The provincial government was expected to appeal the decision, however, Ontario premier Ernie Eves said on July 12, 2002, that the government will not appeal. He also said, “If two people decide that they want to be in a union, why would I interfere with that?”

Eves further called on the government to abandon any consideration of appealing the decision and enact legislation to make same-sex marriages legal. While marriage is registered by the provinces, marriage is federally regulated.

The Canadian federal government, however, did appealed this ruling, and, at the same time, released a policy discussion paper on same-sex marriages. This paper, “Marriage and the Legal Recognition of Same-sex Unions,” was referred to the Standing Committee on Justice for public consultation, which will later report back to the House of Commons with recommendations regarding the four options contained in the paper.

The four options are:
- Leave marriage the way it is
- Change the definition to include same-sex marriages
- Get out of the marriage business and leave it to the churches
- Establish civil registries that allow same-sex marriages to be recognized without a ceremony


An Even More Positive Ruling

Before the results of the report could be published, on June 10, 2003, Ontario’s court of appeals ruled that the Canadian government must allow same-sex couples the right to marry.

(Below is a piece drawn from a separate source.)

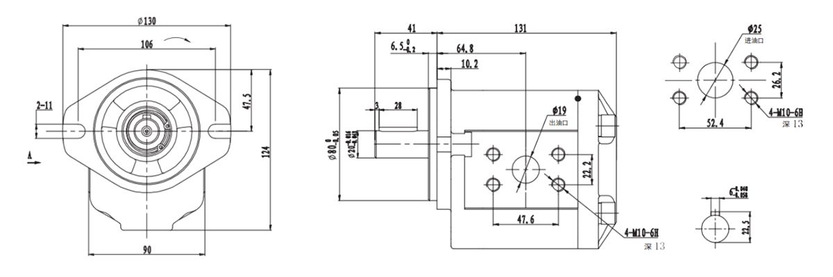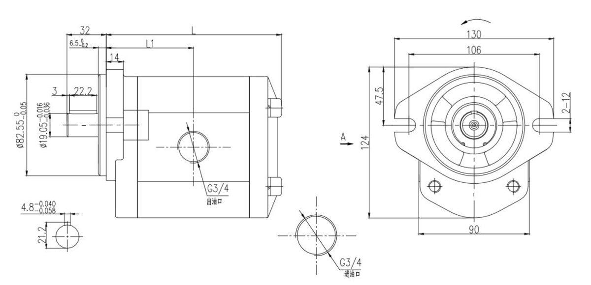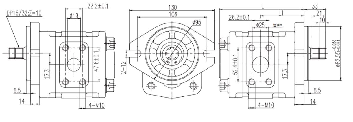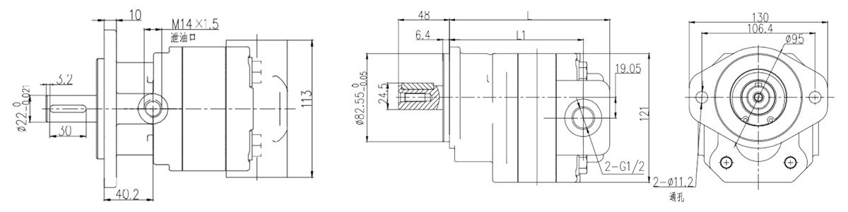 | Модель | Расход (мл/об) | Давление (бар) | Скорость (об/мин) | L (мм) | L1 (мм) | Впускное отверстие | Выпускное отверстие | |||

The court upheld the lower court decision, and it removed the court’s deadline of July 2004, instructing the federal government to allow same-sex marriage immediately.

Statements from the Appeals Court Ruling
“The [Attorney General of Canada] has not shown that the opposite-sex requirement in marriage is rationally related to the encouragement of procreation and child rearing. The law is both overinclusive and underinclusive. The ability to ‘naturally’ procreate and the willingness to raise children are not prerequisites of marriage for opposite-sex couples. … Simultaneously, the law is underinclusive because it excludes same-sex couples that have and raise children.”

The federal government had 30 days to appeal the ruling to Canada’s supreme court. On June 17, 2003, Canadian Prime Minister Jean Chrétien said that instead of a court challenge, legislation will be introduced to recognize same-sex unions, while at the same time permitting churches and other religious groups to “sanctify marriage as they see it.”

It is likely that same-sex marriage will soon become legal in all nine provinces.

While the first country in the world to offer legal marriage was the Netherlands on April 1, 2001, Elaine Vautour and Anne Vautour, as well as Kevin Bourassa and Joe Varnell can now officially say that their marriages, on January 14, 2001, were the first same-sex legal marriage in the world.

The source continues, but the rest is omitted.